§ Entries taken from a collection
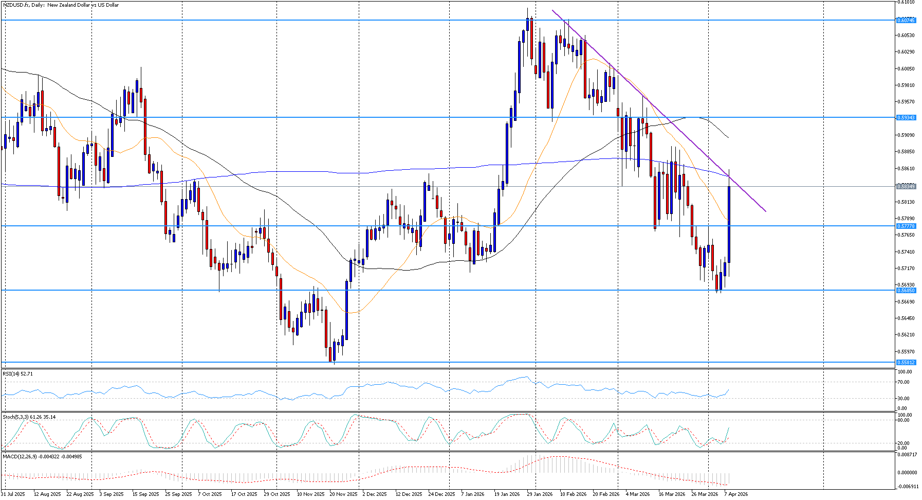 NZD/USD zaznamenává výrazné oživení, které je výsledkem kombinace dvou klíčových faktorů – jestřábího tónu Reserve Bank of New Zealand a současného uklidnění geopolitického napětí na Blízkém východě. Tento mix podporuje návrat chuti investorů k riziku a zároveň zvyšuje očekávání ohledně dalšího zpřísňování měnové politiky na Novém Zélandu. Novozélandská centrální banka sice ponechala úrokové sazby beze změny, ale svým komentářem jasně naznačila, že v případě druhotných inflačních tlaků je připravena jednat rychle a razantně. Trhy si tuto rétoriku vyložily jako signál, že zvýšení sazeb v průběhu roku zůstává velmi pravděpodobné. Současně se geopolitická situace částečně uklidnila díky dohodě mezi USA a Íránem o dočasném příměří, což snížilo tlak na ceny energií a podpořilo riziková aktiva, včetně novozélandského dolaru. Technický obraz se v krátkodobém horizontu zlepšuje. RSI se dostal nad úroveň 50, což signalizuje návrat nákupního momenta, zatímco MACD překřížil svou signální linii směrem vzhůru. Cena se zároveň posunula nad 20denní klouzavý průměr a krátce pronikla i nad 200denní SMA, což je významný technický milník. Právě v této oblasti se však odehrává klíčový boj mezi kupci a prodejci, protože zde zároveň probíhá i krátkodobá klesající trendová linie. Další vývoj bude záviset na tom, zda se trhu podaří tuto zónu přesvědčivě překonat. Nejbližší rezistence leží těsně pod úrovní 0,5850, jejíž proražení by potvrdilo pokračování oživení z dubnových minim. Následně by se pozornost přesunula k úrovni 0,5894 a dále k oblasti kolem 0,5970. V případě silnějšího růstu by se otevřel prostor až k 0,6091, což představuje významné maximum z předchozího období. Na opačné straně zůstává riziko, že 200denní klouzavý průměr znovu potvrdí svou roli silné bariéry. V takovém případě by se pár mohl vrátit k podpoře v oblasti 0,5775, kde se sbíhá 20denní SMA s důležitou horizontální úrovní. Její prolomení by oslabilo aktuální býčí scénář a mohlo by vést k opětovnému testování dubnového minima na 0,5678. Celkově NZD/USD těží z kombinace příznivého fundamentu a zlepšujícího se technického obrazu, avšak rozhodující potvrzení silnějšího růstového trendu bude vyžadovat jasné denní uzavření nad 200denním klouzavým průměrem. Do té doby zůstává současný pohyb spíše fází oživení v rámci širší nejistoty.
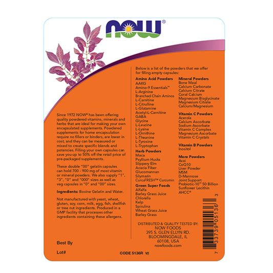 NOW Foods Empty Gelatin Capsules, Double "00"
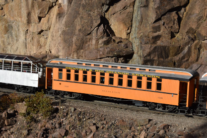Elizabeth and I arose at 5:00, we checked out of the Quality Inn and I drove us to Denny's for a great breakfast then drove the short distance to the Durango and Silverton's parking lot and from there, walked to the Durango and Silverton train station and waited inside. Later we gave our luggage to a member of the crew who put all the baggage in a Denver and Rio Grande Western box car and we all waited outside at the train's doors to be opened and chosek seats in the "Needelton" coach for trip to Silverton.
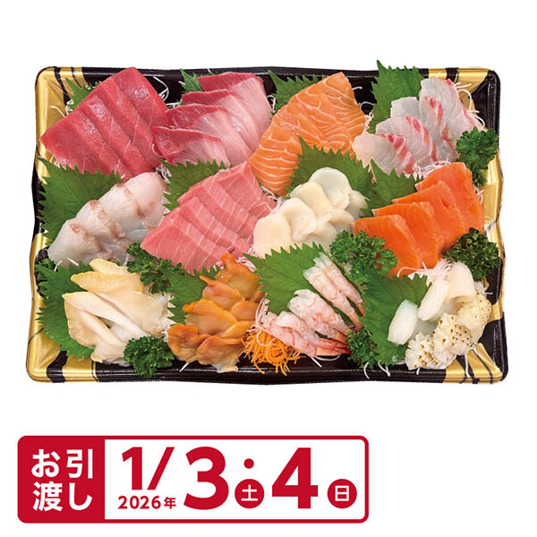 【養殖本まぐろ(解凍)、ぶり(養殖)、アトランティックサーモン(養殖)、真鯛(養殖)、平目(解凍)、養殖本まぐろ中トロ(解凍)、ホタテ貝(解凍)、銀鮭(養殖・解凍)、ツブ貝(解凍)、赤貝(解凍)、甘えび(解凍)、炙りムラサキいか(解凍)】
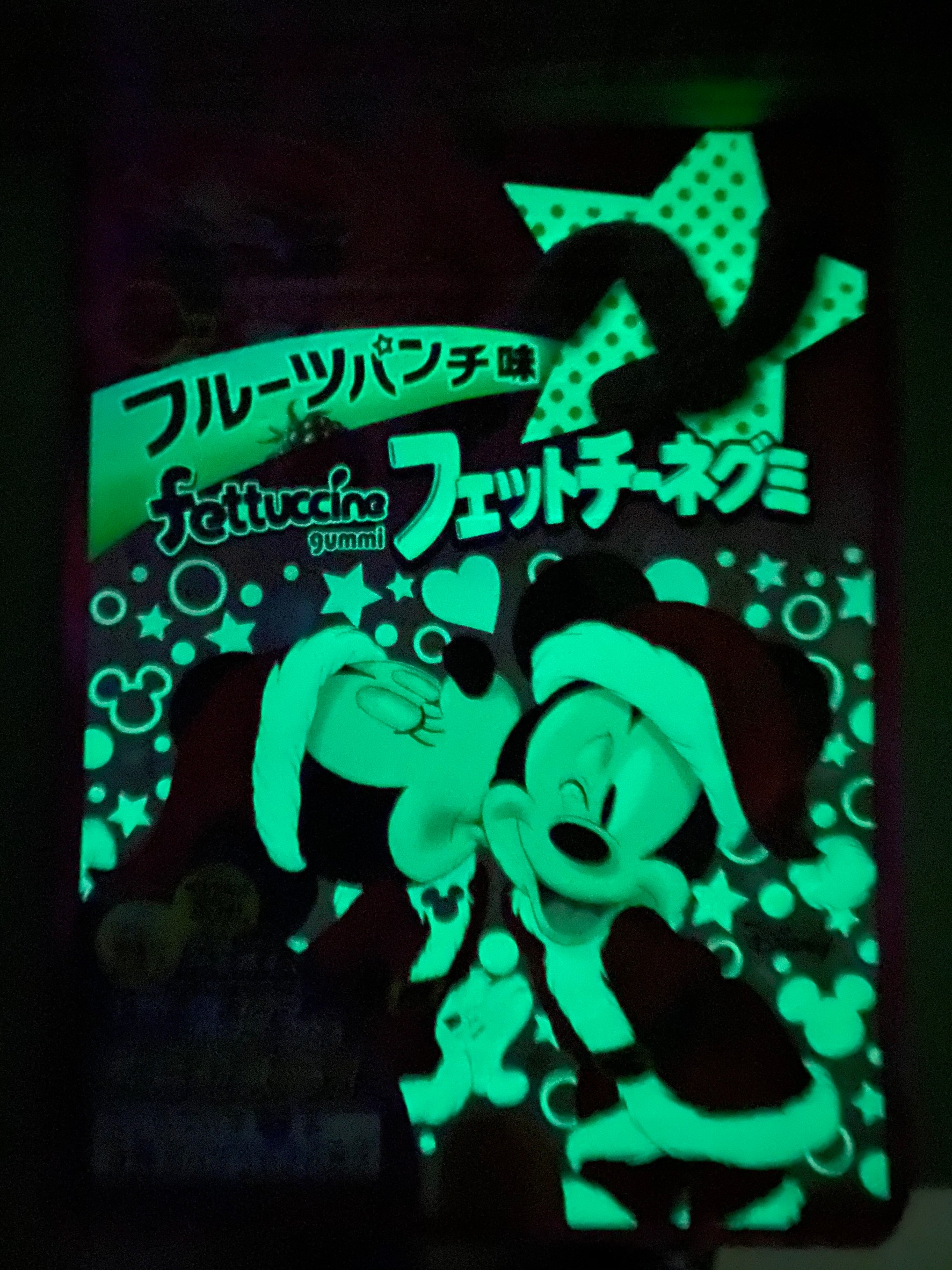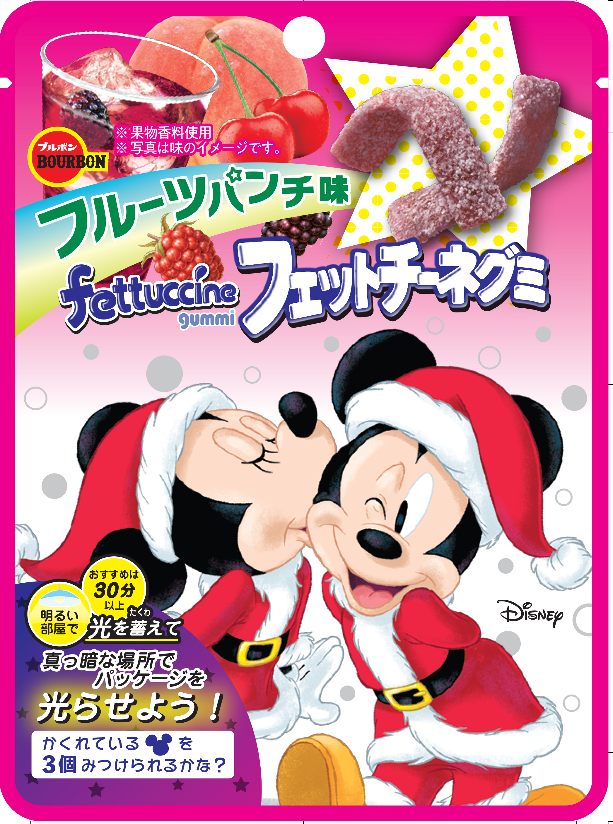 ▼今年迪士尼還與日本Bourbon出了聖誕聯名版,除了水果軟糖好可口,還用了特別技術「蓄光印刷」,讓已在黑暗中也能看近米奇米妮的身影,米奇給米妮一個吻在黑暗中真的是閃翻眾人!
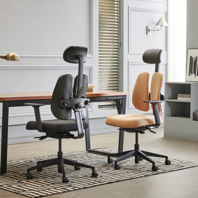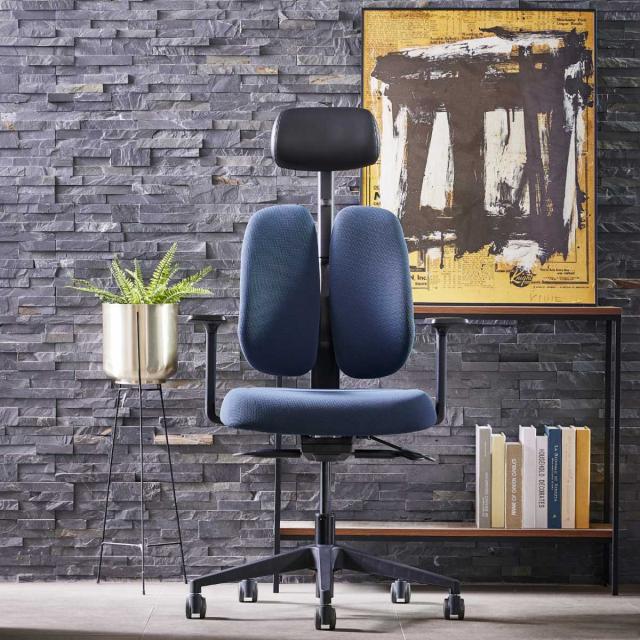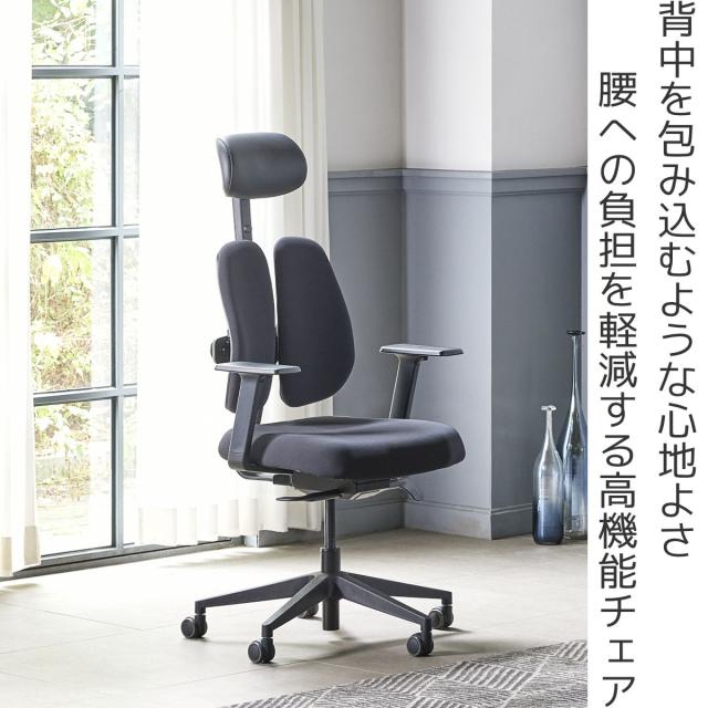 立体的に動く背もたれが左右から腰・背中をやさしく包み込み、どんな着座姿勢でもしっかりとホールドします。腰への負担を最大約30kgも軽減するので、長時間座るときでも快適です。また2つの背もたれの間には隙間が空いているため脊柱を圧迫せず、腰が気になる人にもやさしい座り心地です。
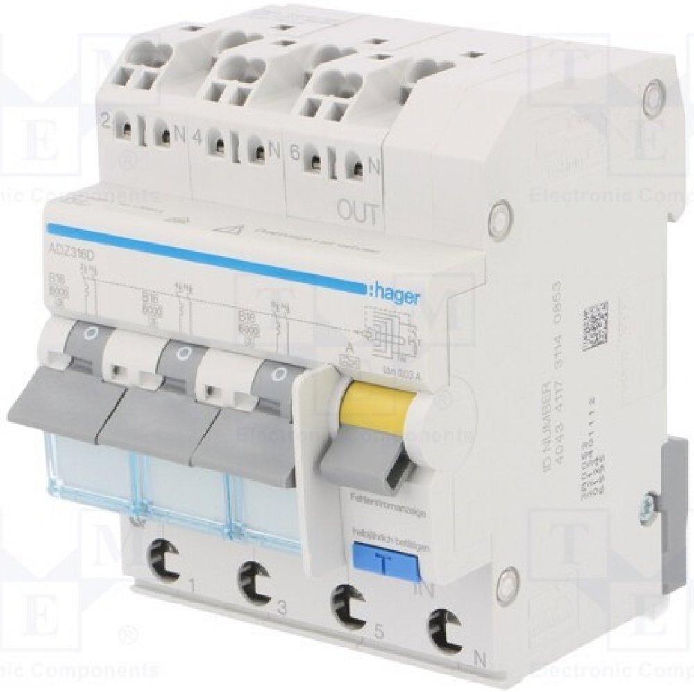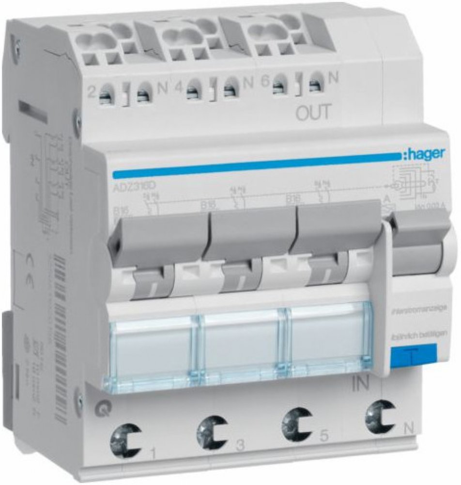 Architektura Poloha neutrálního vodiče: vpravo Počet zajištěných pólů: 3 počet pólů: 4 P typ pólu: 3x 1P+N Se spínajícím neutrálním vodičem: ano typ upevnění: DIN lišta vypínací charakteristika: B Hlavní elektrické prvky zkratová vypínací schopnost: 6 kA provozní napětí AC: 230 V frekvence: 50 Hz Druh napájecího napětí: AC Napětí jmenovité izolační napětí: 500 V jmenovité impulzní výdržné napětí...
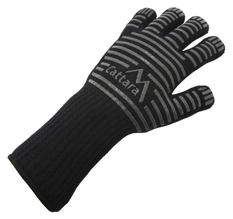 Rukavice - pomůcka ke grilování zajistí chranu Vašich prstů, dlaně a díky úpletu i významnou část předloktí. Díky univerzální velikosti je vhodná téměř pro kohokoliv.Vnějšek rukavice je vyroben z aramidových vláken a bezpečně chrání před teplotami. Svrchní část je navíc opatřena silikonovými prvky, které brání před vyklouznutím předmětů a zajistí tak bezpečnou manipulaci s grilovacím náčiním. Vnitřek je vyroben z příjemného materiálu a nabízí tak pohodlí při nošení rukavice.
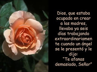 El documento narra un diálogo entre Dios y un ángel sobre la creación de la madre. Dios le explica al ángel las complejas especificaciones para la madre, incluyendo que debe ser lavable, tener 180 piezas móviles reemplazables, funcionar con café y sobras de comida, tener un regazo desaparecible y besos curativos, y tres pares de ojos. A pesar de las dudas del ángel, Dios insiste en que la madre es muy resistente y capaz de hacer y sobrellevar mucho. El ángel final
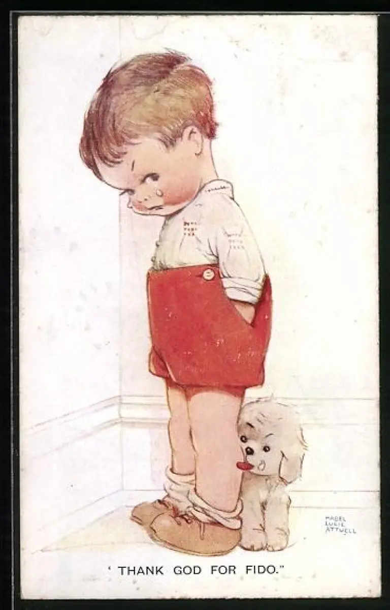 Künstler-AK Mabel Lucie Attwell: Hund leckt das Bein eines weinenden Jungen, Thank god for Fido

§ Work order
Set down again, word for word, every line from the one with "NOW Foods Empty" to the one with "Elizabeth and I" in the entries above, and omit the pictures.

§ Your solution
 NOW Foods Empty Gelatin Capsules, Double "00"
Elizabeth and I arose at 5:00, we checked out of the Quality Inn and I drove us to Denny's for a great breakfast then drove the short distance to the Durango and Silverton's parking lot and from there, walked to the Durango and Silverton train station and waited inside. Later we gave our luggage to a member of the crew who put all the baggage in a Denver and Rio Grande Western box car and we all waited outside at the train's doors to be opened and chosek seats in the "Needelton" coach for trip to Silverton.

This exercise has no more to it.